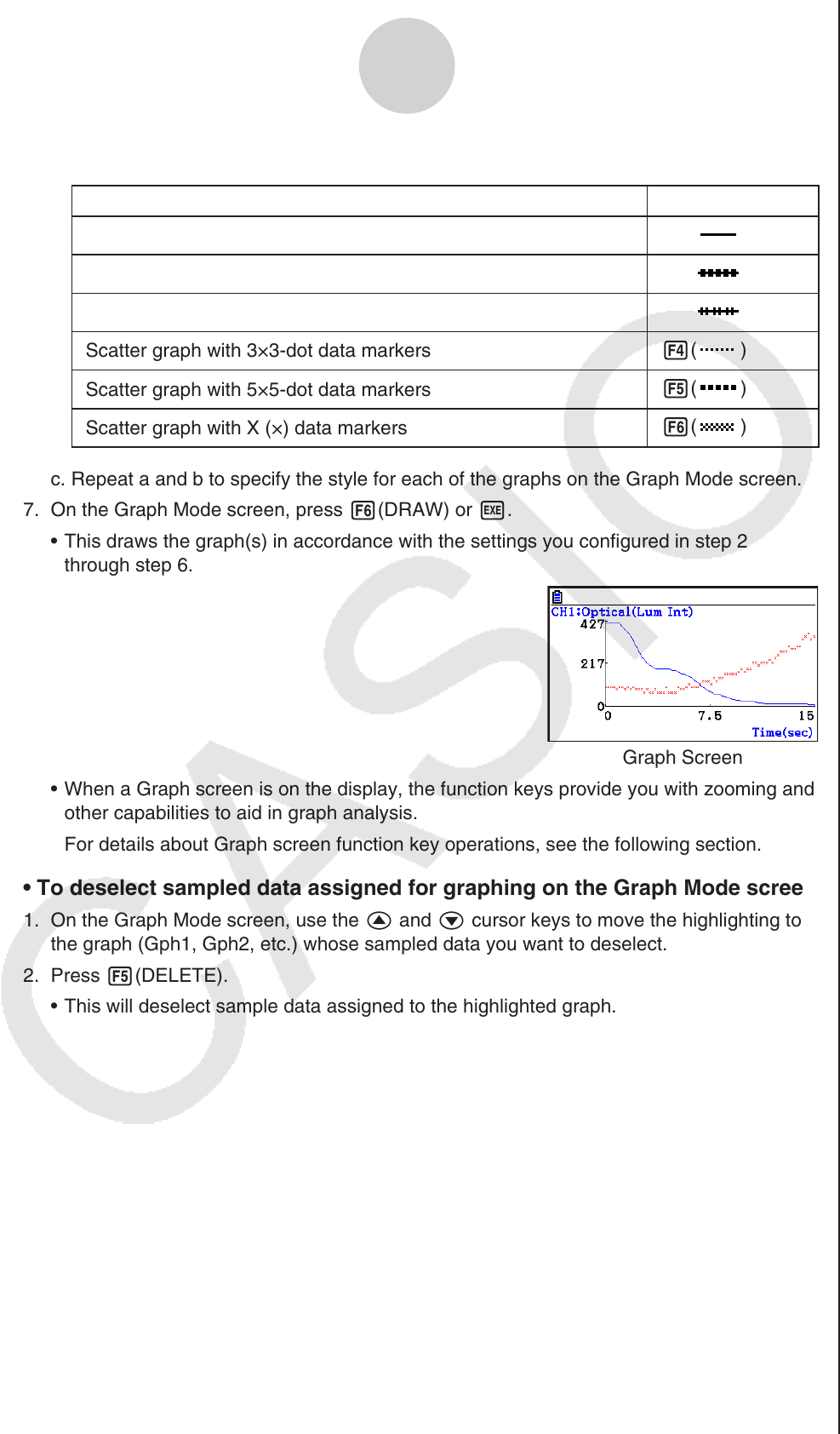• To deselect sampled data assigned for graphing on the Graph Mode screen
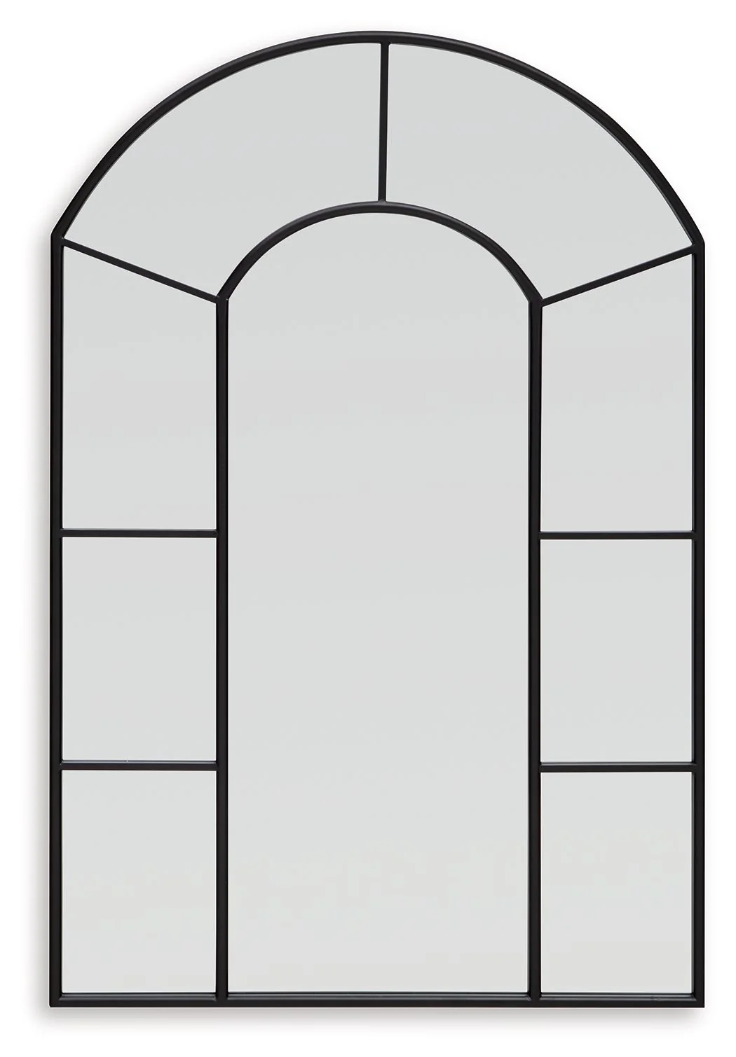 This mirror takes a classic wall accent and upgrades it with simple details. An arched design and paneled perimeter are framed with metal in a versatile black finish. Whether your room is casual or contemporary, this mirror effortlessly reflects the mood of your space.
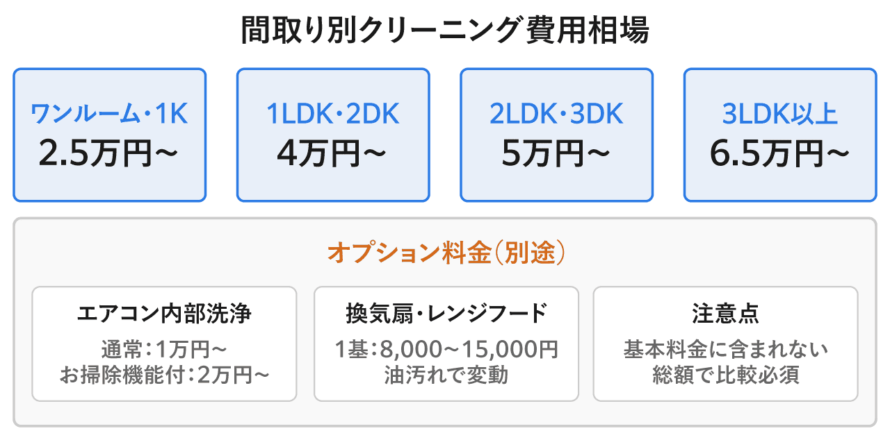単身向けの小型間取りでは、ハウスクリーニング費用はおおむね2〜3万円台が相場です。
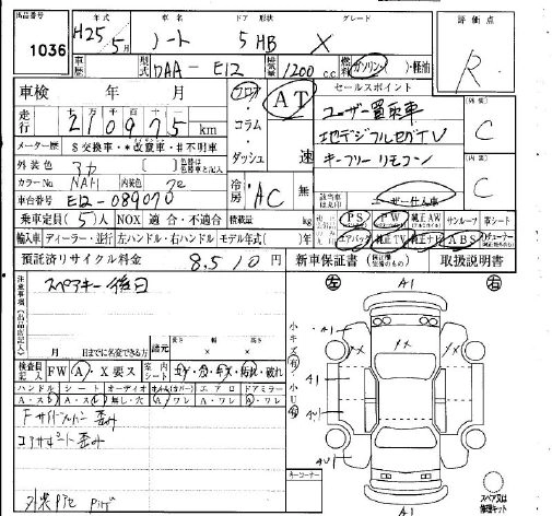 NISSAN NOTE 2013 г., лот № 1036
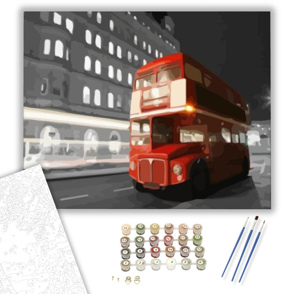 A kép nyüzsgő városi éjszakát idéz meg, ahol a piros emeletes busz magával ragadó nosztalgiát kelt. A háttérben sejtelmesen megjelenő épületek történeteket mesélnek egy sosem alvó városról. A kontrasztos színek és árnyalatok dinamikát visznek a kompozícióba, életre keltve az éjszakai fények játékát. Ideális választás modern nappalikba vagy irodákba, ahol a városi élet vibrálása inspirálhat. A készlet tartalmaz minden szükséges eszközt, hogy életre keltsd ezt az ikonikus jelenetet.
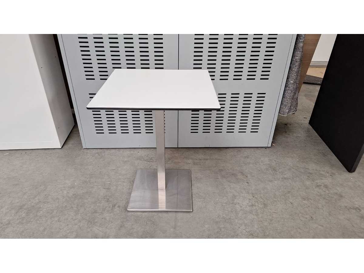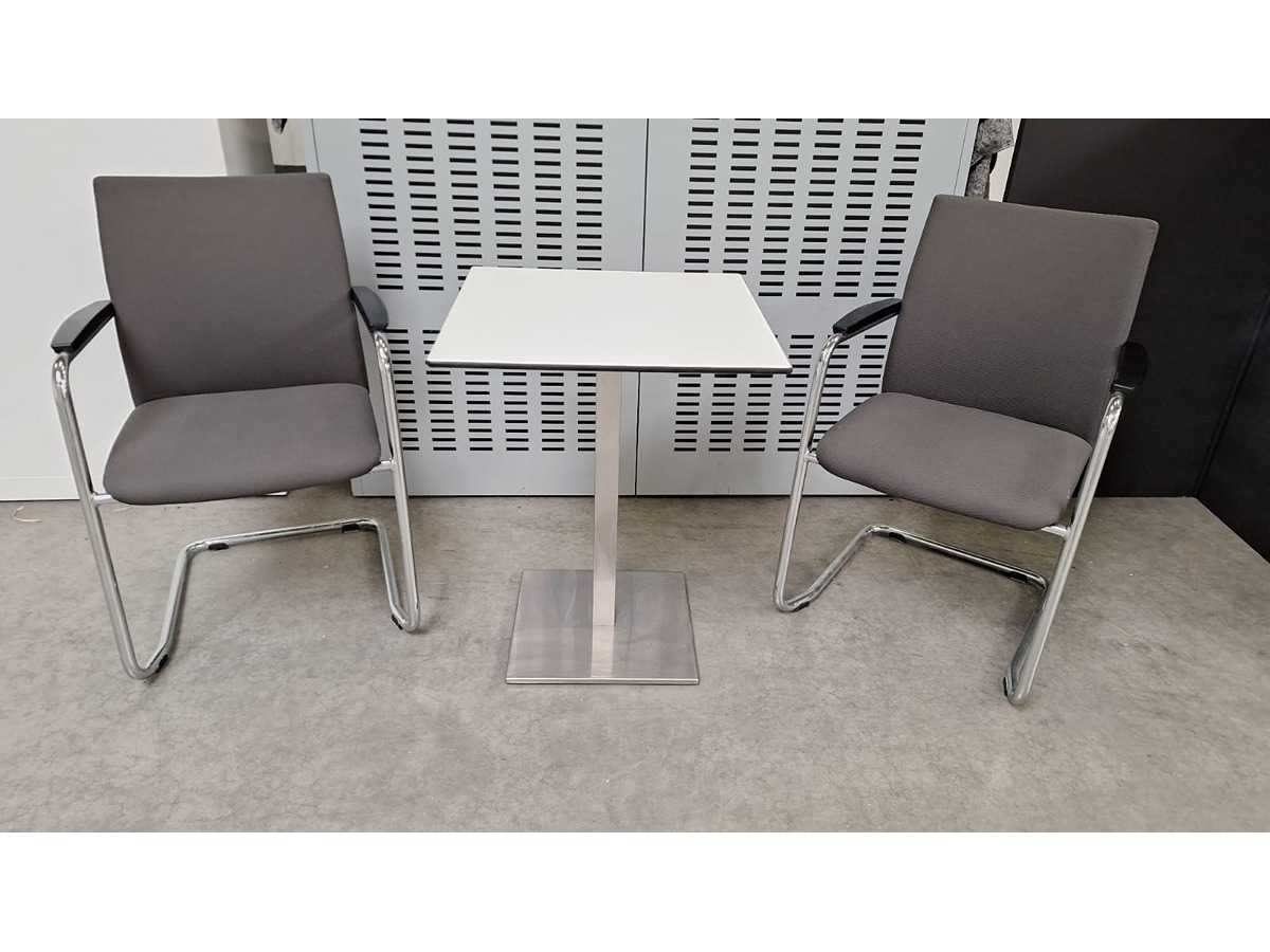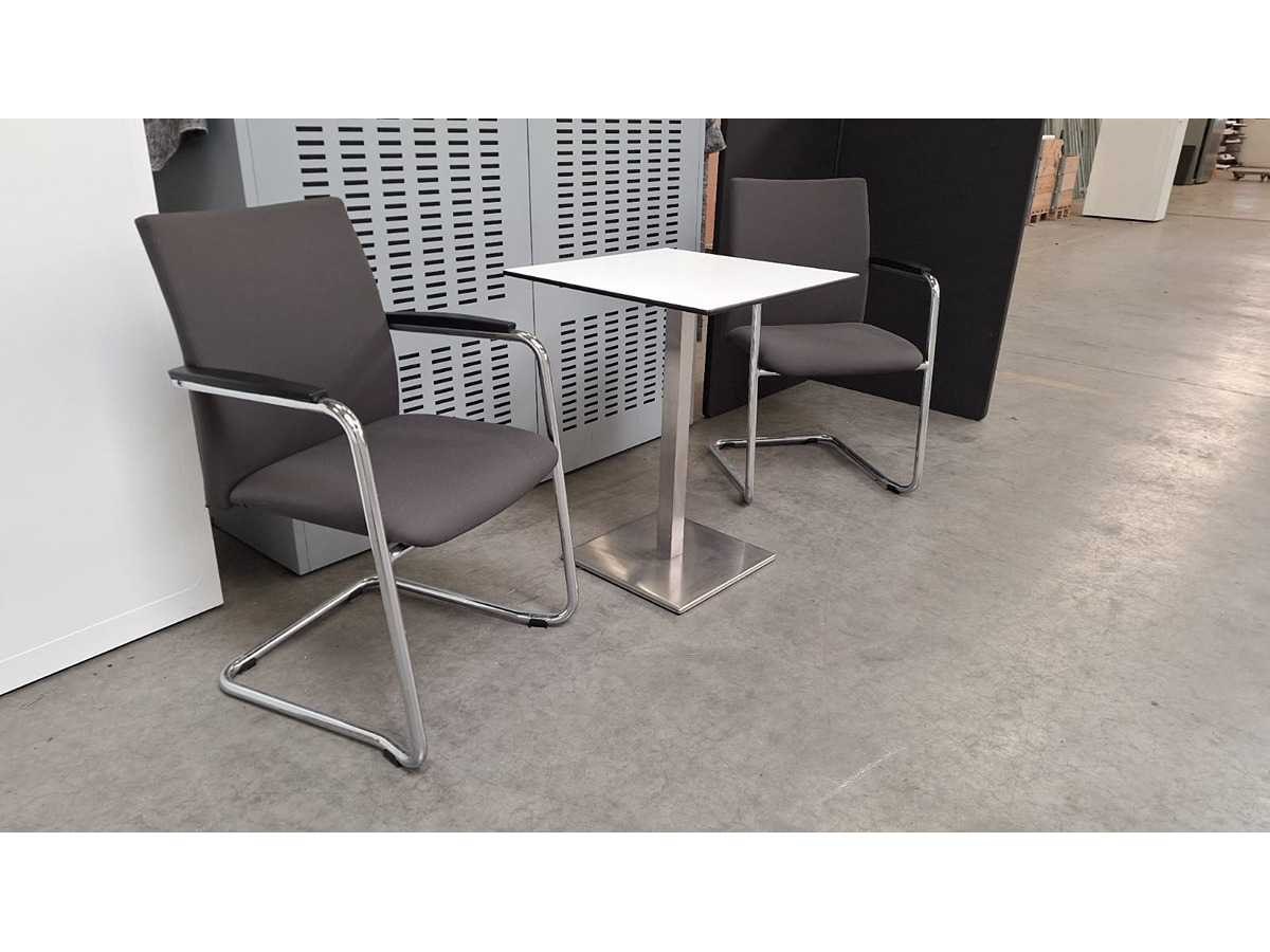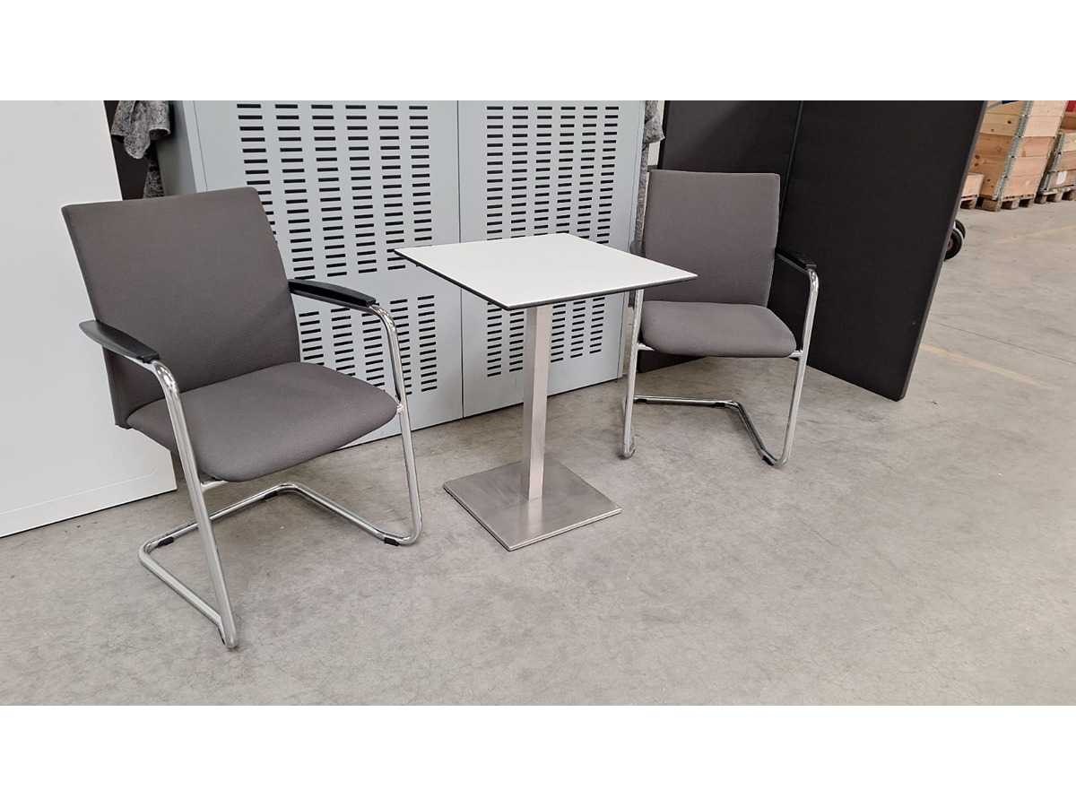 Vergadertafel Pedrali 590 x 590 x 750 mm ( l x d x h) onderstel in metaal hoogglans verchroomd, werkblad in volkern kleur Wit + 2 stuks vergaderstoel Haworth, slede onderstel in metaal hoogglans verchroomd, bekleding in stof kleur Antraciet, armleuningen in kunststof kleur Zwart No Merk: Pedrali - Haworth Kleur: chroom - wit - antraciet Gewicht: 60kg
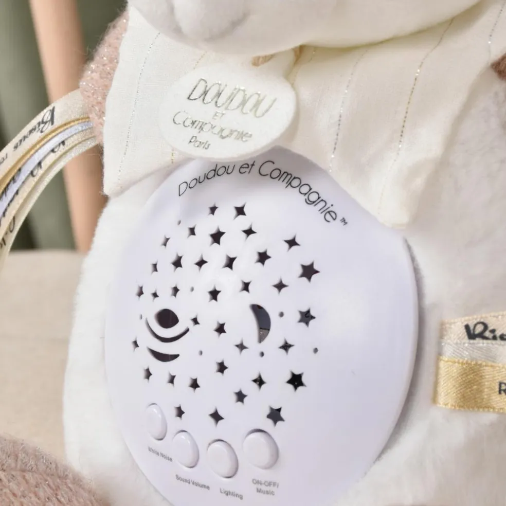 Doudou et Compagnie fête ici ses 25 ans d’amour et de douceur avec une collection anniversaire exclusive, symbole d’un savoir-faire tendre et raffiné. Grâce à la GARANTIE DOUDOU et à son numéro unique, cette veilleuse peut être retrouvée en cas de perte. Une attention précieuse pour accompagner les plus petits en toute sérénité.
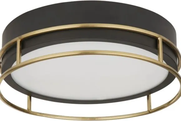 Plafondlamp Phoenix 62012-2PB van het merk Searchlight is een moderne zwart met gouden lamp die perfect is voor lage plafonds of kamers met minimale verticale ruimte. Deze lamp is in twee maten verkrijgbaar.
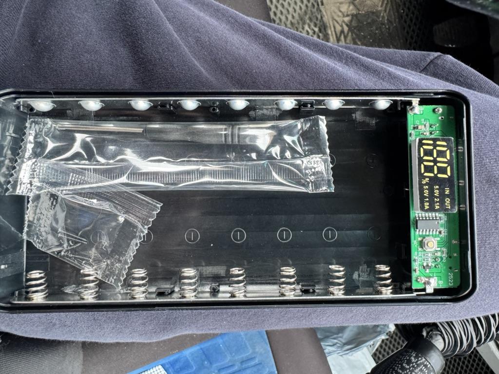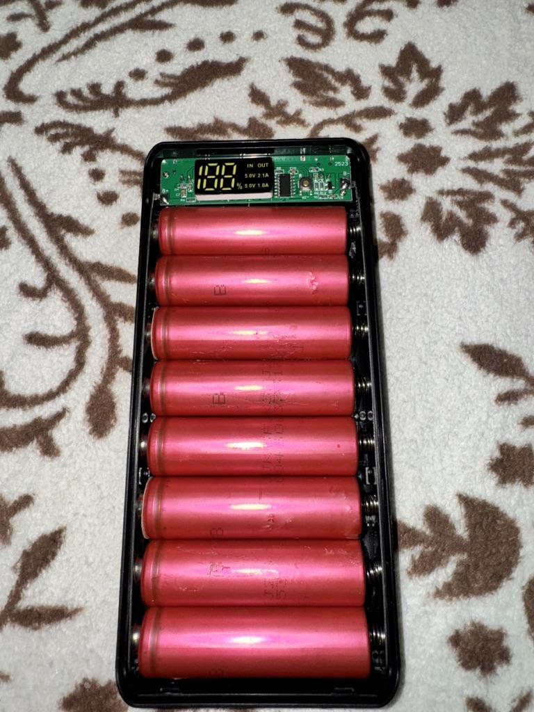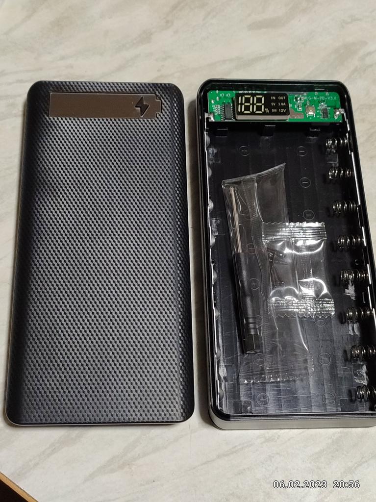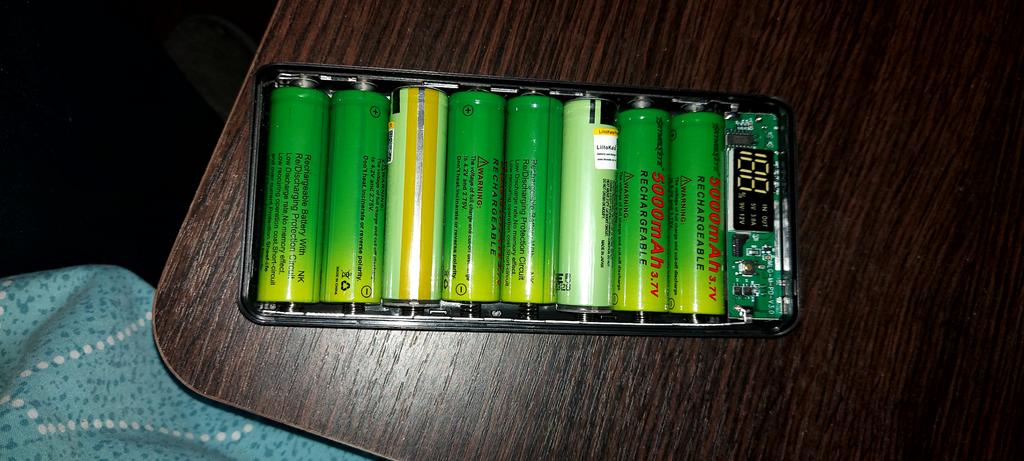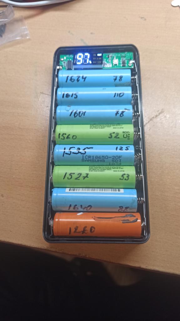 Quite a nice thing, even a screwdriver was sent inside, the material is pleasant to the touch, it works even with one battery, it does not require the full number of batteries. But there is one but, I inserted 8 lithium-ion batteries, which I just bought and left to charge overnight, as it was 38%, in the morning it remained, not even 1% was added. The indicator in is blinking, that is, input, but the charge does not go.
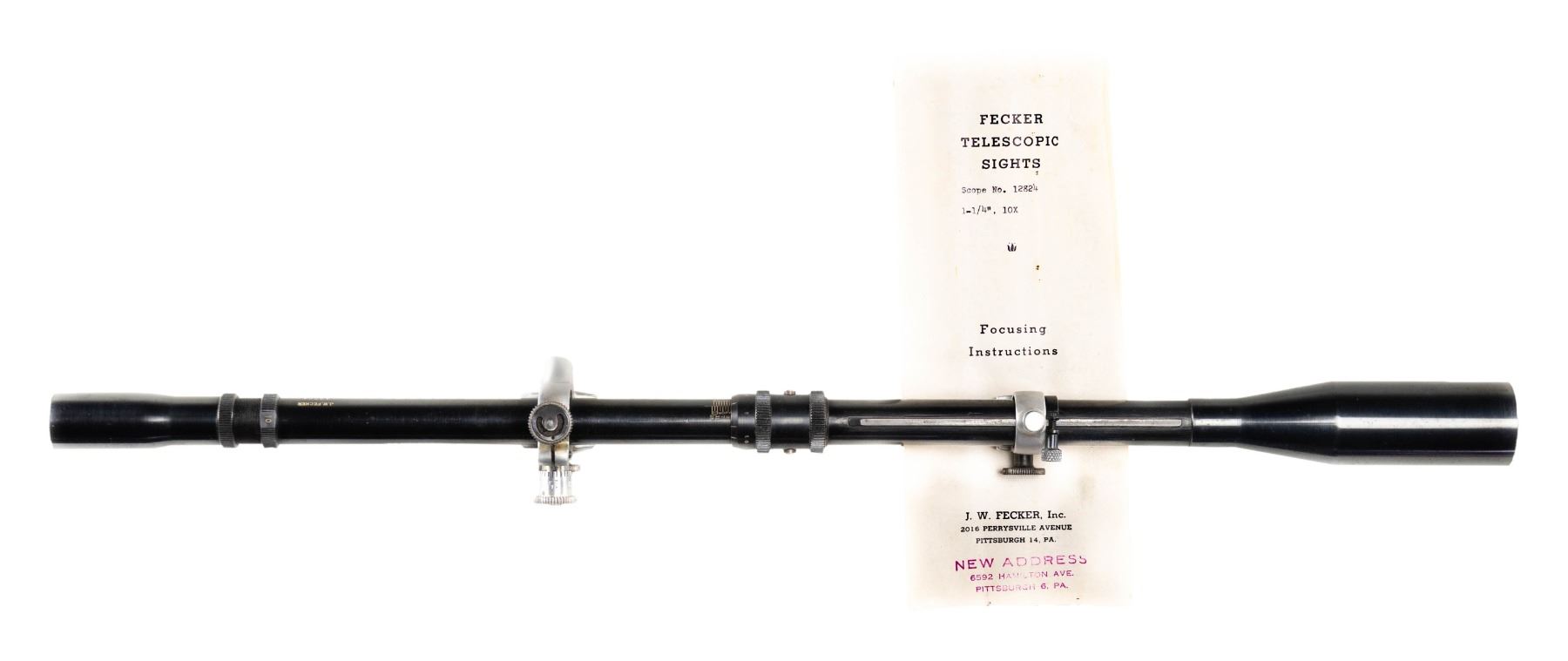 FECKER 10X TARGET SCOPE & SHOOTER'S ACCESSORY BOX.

-- Task statement --
Return only what lies between the line containing "Quite a nice" and the last line of the listing, those two lines included, exactly as written and with no pictures.

-- Answer area --
 Quite a nice thing, even a screwdriver was sent inside, the material is pleasant to the touch, it works even with one battery, it does not require the full number of batteries. But there is one but, I inserted 8 lithium-ion batteries, which I just bought and left to charge overnight, as it was 38%, in the morning it remained, not even 1% was added. The indicator in is blinking, that is, input, but the charge does not go.
 FECKER 10X TARGET SCOPE & SHOOTER'S ACCESSORY BOX.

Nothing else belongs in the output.